**Instructions for the task**. The reply is to contain the full listing, repeated exactly, with pictures left out.

**Source data**.

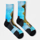 Cada calcetín tiene un lucio de púas sobre un fondo de agua azul.
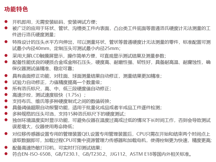 ?符合EN-ISO-6508、GB/T230.1、GB/T230.2、JJG112、ASTM E18等國內(nèi)外相關(guān)標準。
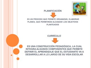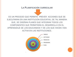 La planificación curricular es un proceso que permite prever acciones en una institución educativa para diseñar planes que integren todos los componentes necesarios para el desarrollo del aprendizaje de los estudiantes. La planificación curricular debe partir de las necesidades de los estudiantes, planificarse en relación al contexto social, involucrar problemas sociales de la época, y propiciar la reflexión y la acción adaptándose a la estructura cognoscitiva del estudiante y priorizando la selección de objetivos sobre contenidos.
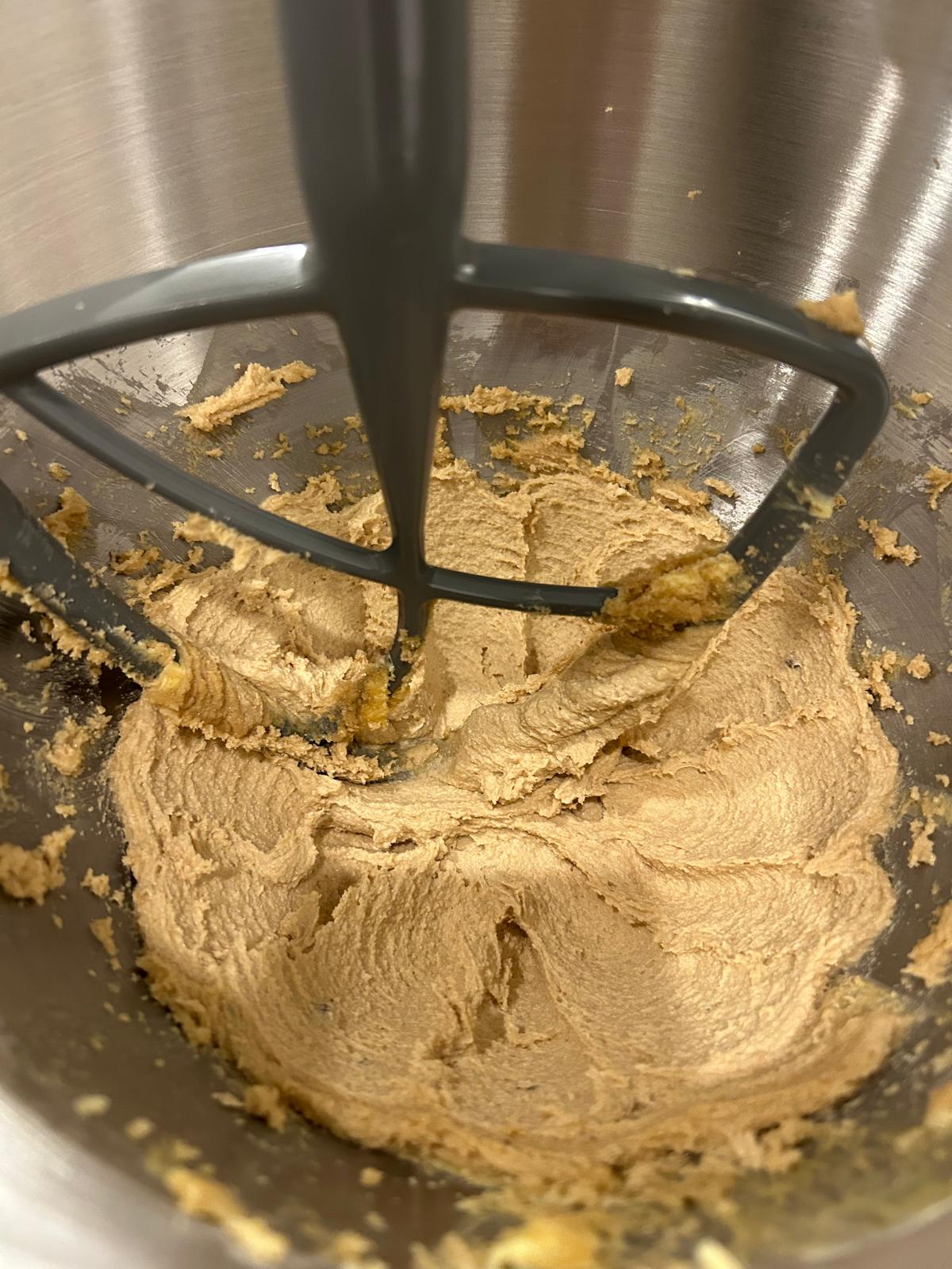 • Cream together the butter and sugar until light and fluffy (approx. five minutes).
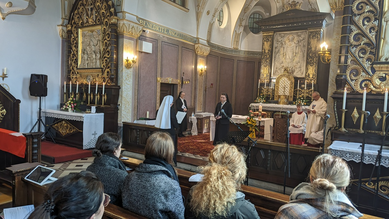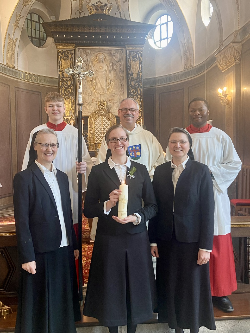 Am 25.03., dem Festtag der Verkündigung des Herrn, legte Sr. Jana Stadler vor der Provinzleiterin Sr. Marika Wippenbeck im Rahmen eines festlichen Gottesdienstes in der Kirche der Schwestern vom Hl. Kreuz in Altötting ihre zeitliche Profess ab.
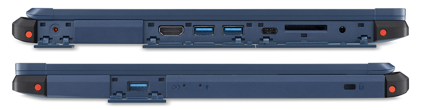 Zusätzlich ist es mit zahlreichen weiteren Merkmalen ausgestattet, damit es auch unter widrigen Bedingungen eingesetzt werden kann. Darunter wasserdichte IO-Anschlüsse, Lautsprecher und Tasten, einen wasserabweisenden Lüfter, den Acer Aquafan, der eintretendes Wasser über ein integriertes Ablaufsystem wieder aus dem Gehäuse herausführt, sowie Stossdämpfer an jeder Ecke des Gehäuses. Das Notebook steckt nicht nur in einem widerstandsfähigen Gehäuse, sindern bietet trotz Robustheit ein ansprechendes, hochwertige Design. Es ist wahlweise in der Farbe Blau und in der Farbombination Schwarz-Grün (schwarzes Gehäuse, dunkelgrüner Deckel) verfügbar.
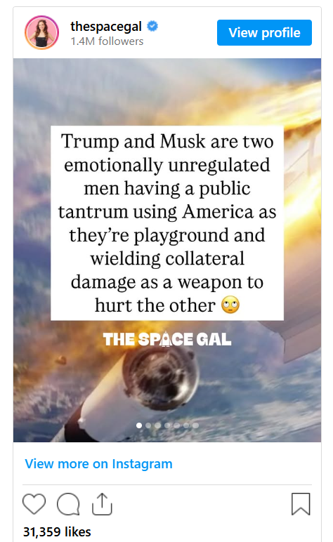“This is tweet is ROCKING the space industry right now,” Calandrelli wrote, quoting Musk’s threat: “In light of the President’s statement about cancellation of my government contracts, @SpaceX will begin decommissioning its Dragon spacecraft immediately.”
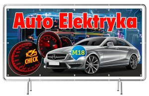 Baner reklamowy ‘Auto Elektryka’ to profesjonalny nośnik reklamy stworzony z myślą o skutecznej promocji usług elektryki samochodowej, diagnostyki układów elektrycznych, naprawy instalacji, wymiany akumulatorów, montażu alternatorów i sterowników elektronicznych w warsztatach samochodowych i punktach mobilnych. Wysokiej jakości baner auto elektryka wykonany z trwałego materiału i z wyraźnym, odpornym na warunki atmosferyczne nadrukiem doskonale sprawdza się zarówno na zewnątrz, jak i wewnątrz budynków, zwiększając widoczność serwisu i przyciągając kierowców szukających profesjonalnej obsługi pojazdów elektrycznych i konwencjonalnych.

**Response to this task**.
 Cada calcetín tiene un lucio de púas sobre un fondo de agua azul.
 ?符合EN-ISO-6508、GB/T230.1、GB/T230.2、JJG112、ASTM E18等國內(nèi)外相關(guān)標準。
 La planificación curricular es un proceso que permite prever acciones en una institución educativa para diseñar planes que integren todos los componentes necesarios para el desarrollo del aprendizaje de los estudiantes. La planificación curricular debe partir de las necesidades de los estudiantes, planificarse en relación al contexto social, involucrar problemas sociales de la época, y propiciar la reflexión y la acción adaptándose a la estructura cognoscitiva del estudiante y priorizando la selección de objetivos sobre contenidos.
 • Cream together the butter and sugar until light and fluffy (approx. five minutes).
 Am 25.03., dem Festtag der Verkündigung des Herrn, legte Sr. Jana Stadler vor der Provinzleiterin Sr. Marika Wippenbeck im Rahmen eines festlichen Gottesdienstes in der Kirche der Schwestern vom Hl. Kreuz in Altötting ihre zeitliche Profess ab.
 Zusätzlich ist es mit zahlreichen weiteren Merkmalen ausgestattet, damit es auch unter widrigen Bedingungen eingesetzt werden kann. Darunter wasserdichte IO-Anschlüsse, Lautsprecher und Tasten, einen wasserabweisenden Lüfter, den Acer Aquafan, der eintretendes Wasser über ein integriertes Ablaufsystem wieder aus dem Gehäuse herausführt, sowie Stossdämpfer an jeder Ecke des Gehäuses. Das Notebook steckt nicht nur in einem widerstandsfähigen Gehäuse, sindern bietet trotz Robustheit ein ansprechendes, hochwertige Design. Es ist wahlweise in der Farbe Blau und in der Farbombination Schwarz-Grün (schwarzes Gehäuse, dunkelgrüner Deckel) verfügbar.
“This is tweet is ROCKING the space industry right now,” Calandrelli wrote, quoting Musk’s threat: “In light of the President’s statement about cancellation of my government contracts, @SpaceX will begin decommissioning its Dragon spacecraft immediately.”
 Baner reklamowy ‘Auto Elektryka’ to profesjonalny nośnik reklamy stworzony z myślą o skutecznej promocji usług elektryki samochodowej, diagnostyki układów elektrycznych, naprawy instalacji, wymiany akumulatorów, montażu alternatorów i sterowników elektronicznych w warsztatach samochodowych i punktach mobilnych. Wysokiej jakości baner auto elektryka wykonany z trwałego materiału i z wyraźnym, odpornym na warunki atmosferyczne nadrukiem doskonale sprawdza się zarówno na zewnątrz, jak i wewnątrz budynków, zwiększając widoczność serwisu i przyciągając kierowców szukających profesjonalnej obsługi pojazdów elektrycznych i konwencjonalnych.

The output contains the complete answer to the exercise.